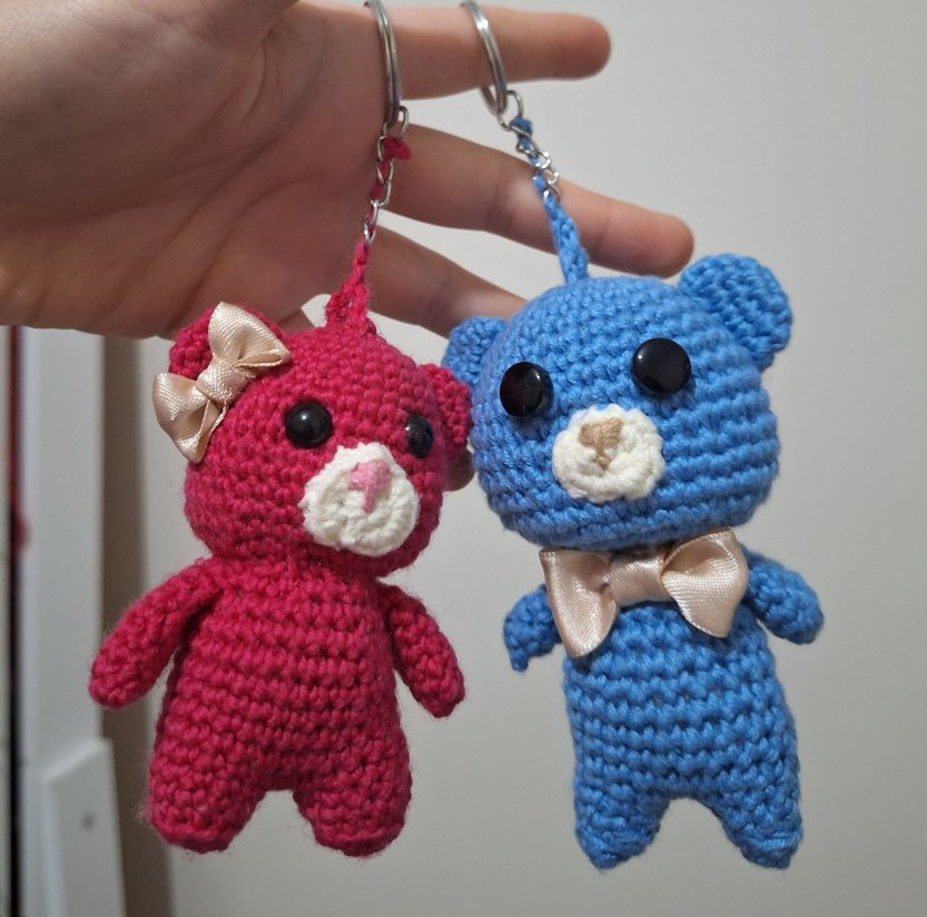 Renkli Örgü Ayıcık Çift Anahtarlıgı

____________________

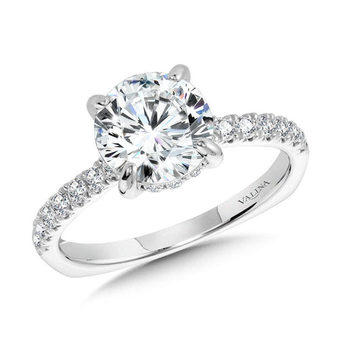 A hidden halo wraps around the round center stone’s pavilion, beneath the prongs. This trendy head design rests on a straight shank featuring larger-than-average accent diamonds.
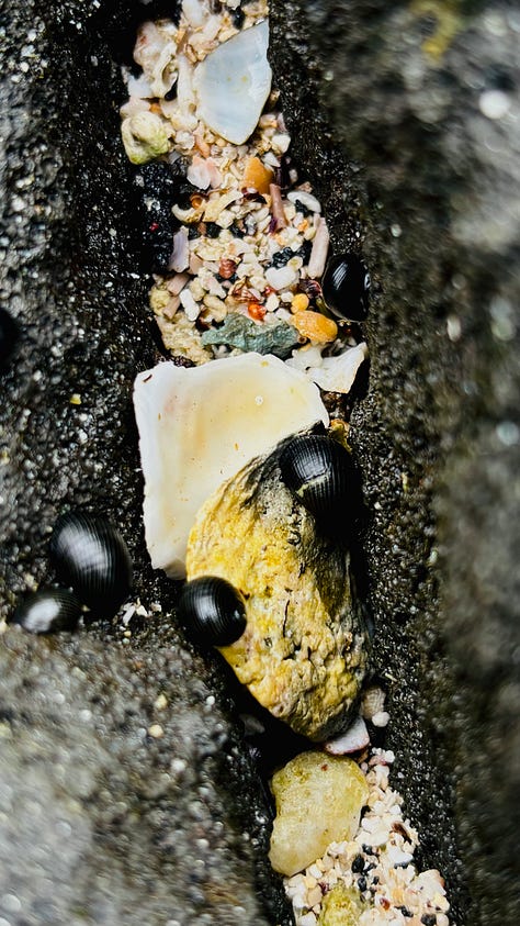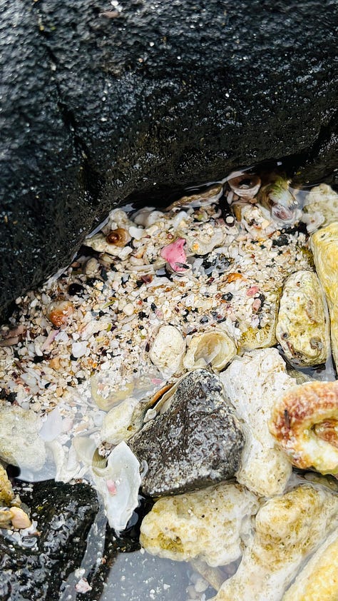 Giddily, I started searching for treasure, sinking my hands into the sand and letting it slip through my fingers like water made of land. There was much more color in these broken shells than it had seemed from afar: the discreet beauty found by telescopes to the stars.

____________________

### Exercise:
Exactly the lines above from the one that contains "A hidden halo" down to the one that contains "Giddily, I started" are to be output, both ends kept and pictures omitted.

### Response box:
 A hidden halo wraps around the round center stone’s pavilion, beneath the prongs. This trendy head design rests on a straight shank featuring larger-than-average accent diamonds.
 Giddily, I started searching for treasure, sinking my hands into the sand and letting it slip through my fingers like water made of land. There was much more color in these broken shells than it had seemed from afar: the discreet beauty found by telescopes to the stars.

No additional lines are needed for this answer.